The majority’s reliance on Walnut Creek Manor v. Fair Unemployment & Housing Co. (1991) 54 Cal.3d 245 [284 Cal.Rptr. 718, 814 P.2d 704] is misplaced. That case involved an awarded under the Fair Employment and Housing Act (FEHA). (Gov. Code, § 28249 et seq.) The FEHA, modeled after title VIII of the federal Civil Rights Act of 1968, authorized awards for compensatory damages and penalties in housing discrimination cases. (54 Cal.3d at p. 255, and fn. 4.) The court held that the Fair Employment and Housing Commission was vested with broad authority to order the payment of actual damages, interest, restitution, and other forms of affirmative or prospective relief. (Id. at p. 257; see also Gov. Code, § 12997, subd. (a)(2).) Here, the statutory scheme is more limited in scope. Administrative law judges conducting hearings on social services claims have no express or implied authority to award “restitutive” damages or interest. (Welf. & Inst. Code, § 10954.)
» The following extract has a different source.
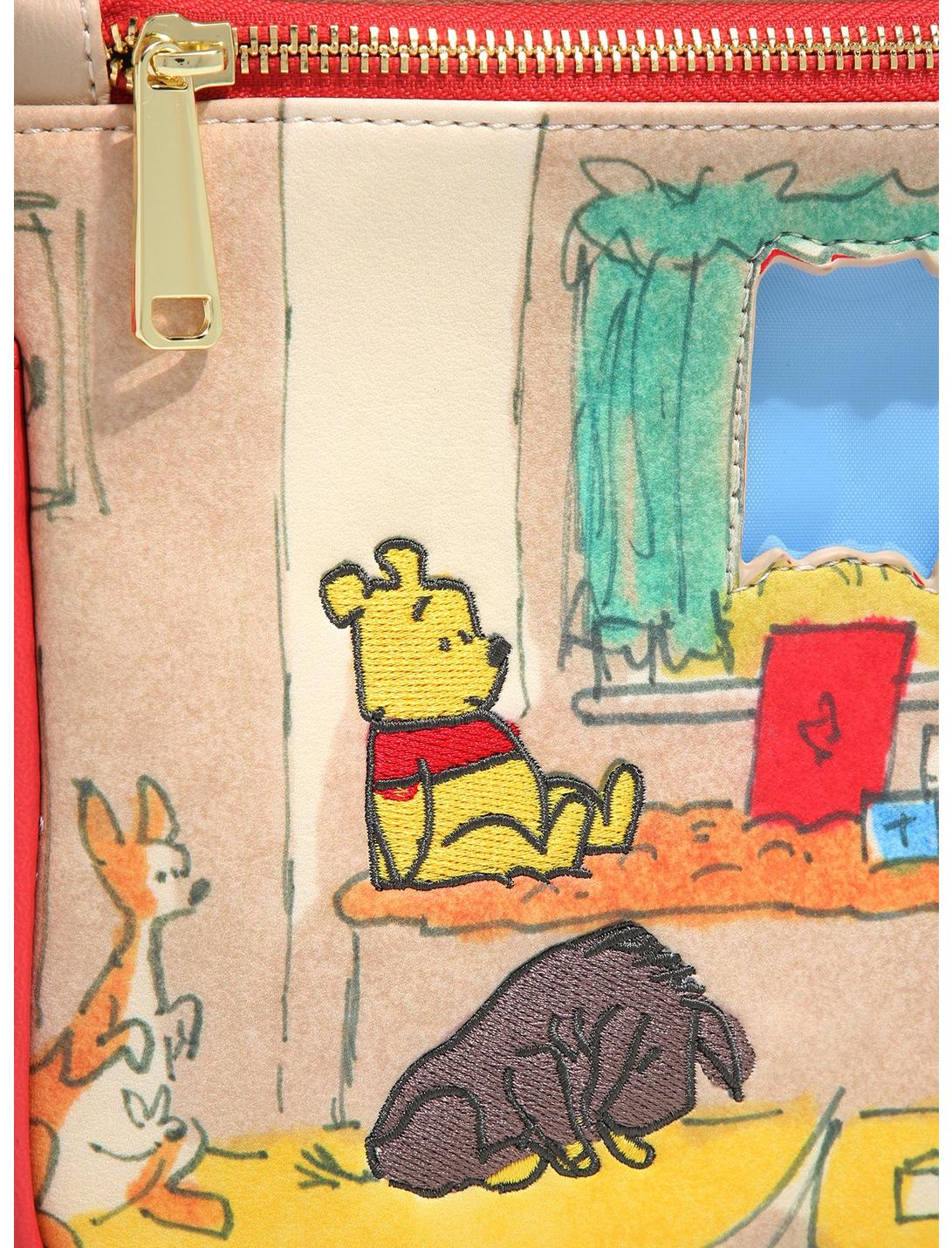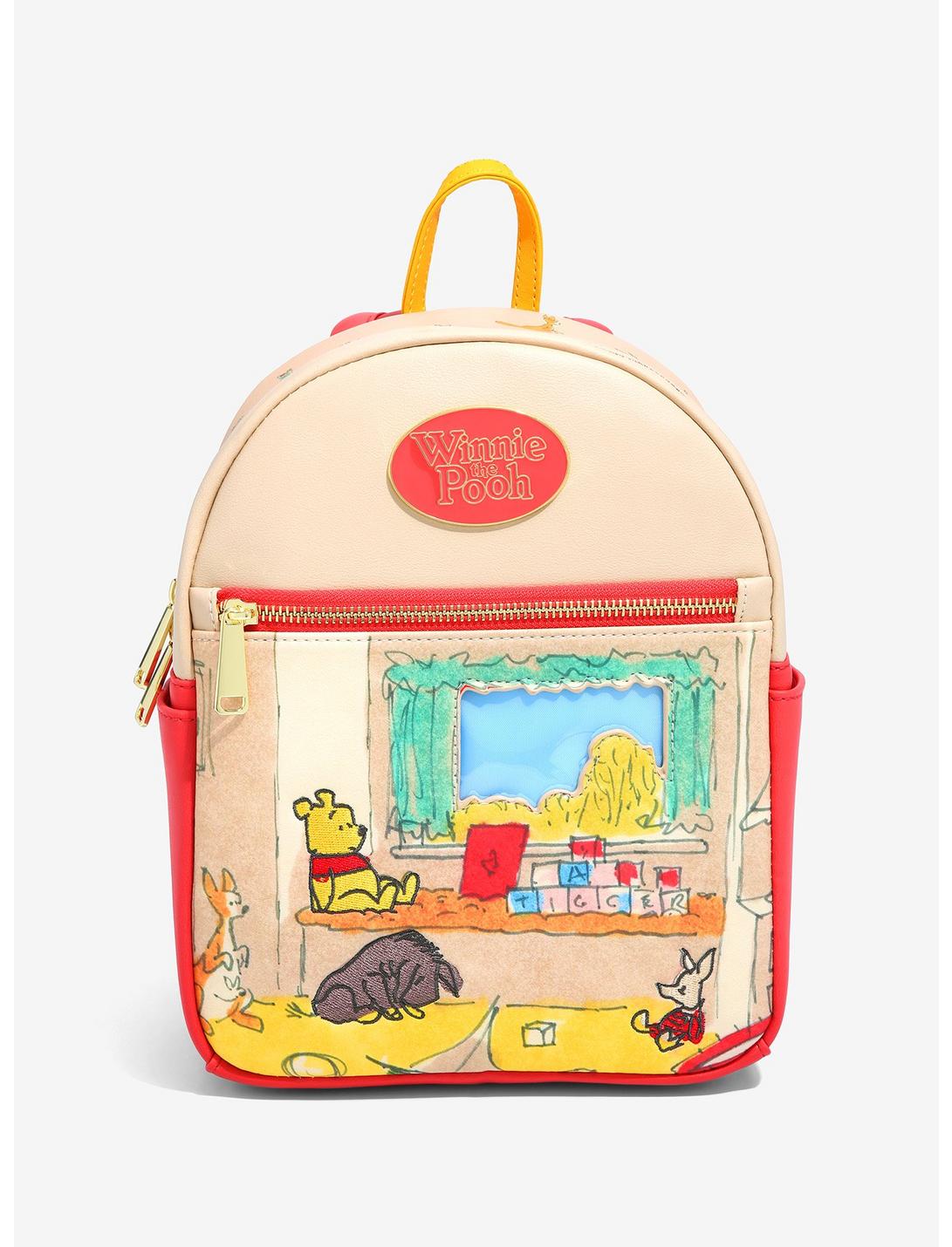 ¡Empaca tu juguete de peluche favorito, algunos bocadillos de miel y el resto de tus necesidades diarias en esta minimochila de Winnie the Pooh y emprende una aventura en el Bosque de los Cien Acres y más allá! Con un diseño bordado de Pooh, Piglet, Eeyore, Kanga y Roo pasando el rato en un boceto de la habitación de Christopher Robin, la ventana recortada en el bolsillo frontal le permite mostrar cualquiera de sus pines esmaltados favoritos. También cuenta con una insignia esmaltada de la marca, herrajes dorados, gráficos del elenco de Disney en el lienzo superior y correas ajustables para los hombros.

*759Nothing in Tripp v. Swoap (1976) 17 Cal.3d 671 [131 Cal.Rptr. 789, 552 P.2d 749], relied upon by appellants and the majority, says that an administrative law judge may award interest. There, the California Supreme Court held “. . . that where a recipient of welfare benefits is adjudged entitled to retroactive payment of benefits pursuant to the statutory obligation of the state, such recipient is entitled to an award of prejudgment interest at the legal rate from the time each payment becomes due.” (Id. at p. 685.) The Supreme Court directed the trial court, not the administrative law judge, to award interest. (Id. at p. 685.) “[Cjases are not authority for propositions not considered.” (Fricker v. Uddo & Taormina Co. (1957) 48 Cal.2d 696, 701 [312 P.2d 1085].)

The majority’s best argument is the sweeping language of Lentz v. McMahon (1989) 49 Cal.3d 393, 404 [261 Cal.Rptr. 310, 777 P.2d 83]. There the Supreme Court said: “The Legislature’s designation of the hearing as the only forum for public-benefits claims supports the view that it intended all potential issues affecting such claims to be raised in that forum.” This obiter dicta, however, is a rather nebulous foundation for adding language to an otherwise comprehensive statutory scheme.

The majority have reached out to decide the issue by finding that appellant is an aggrieved party. The analysis is questionable. An appellate court should not strain to keep an appeal alive and stretch the law to achieve a desirable result. I would exercise judicial restraint (Unzueta v. Ocean View School Dist., supra, 6 Cal.App.4th at p. 1700), affirm the judgment, and suggest that appellant ask the Legislature to add the provision to the statutory scheme.

Respondents’ petition for review by the Supreme Court was denied September 29, 1994. Kennard, J., and Baxter, J., were of the opinion that the petition should be granted.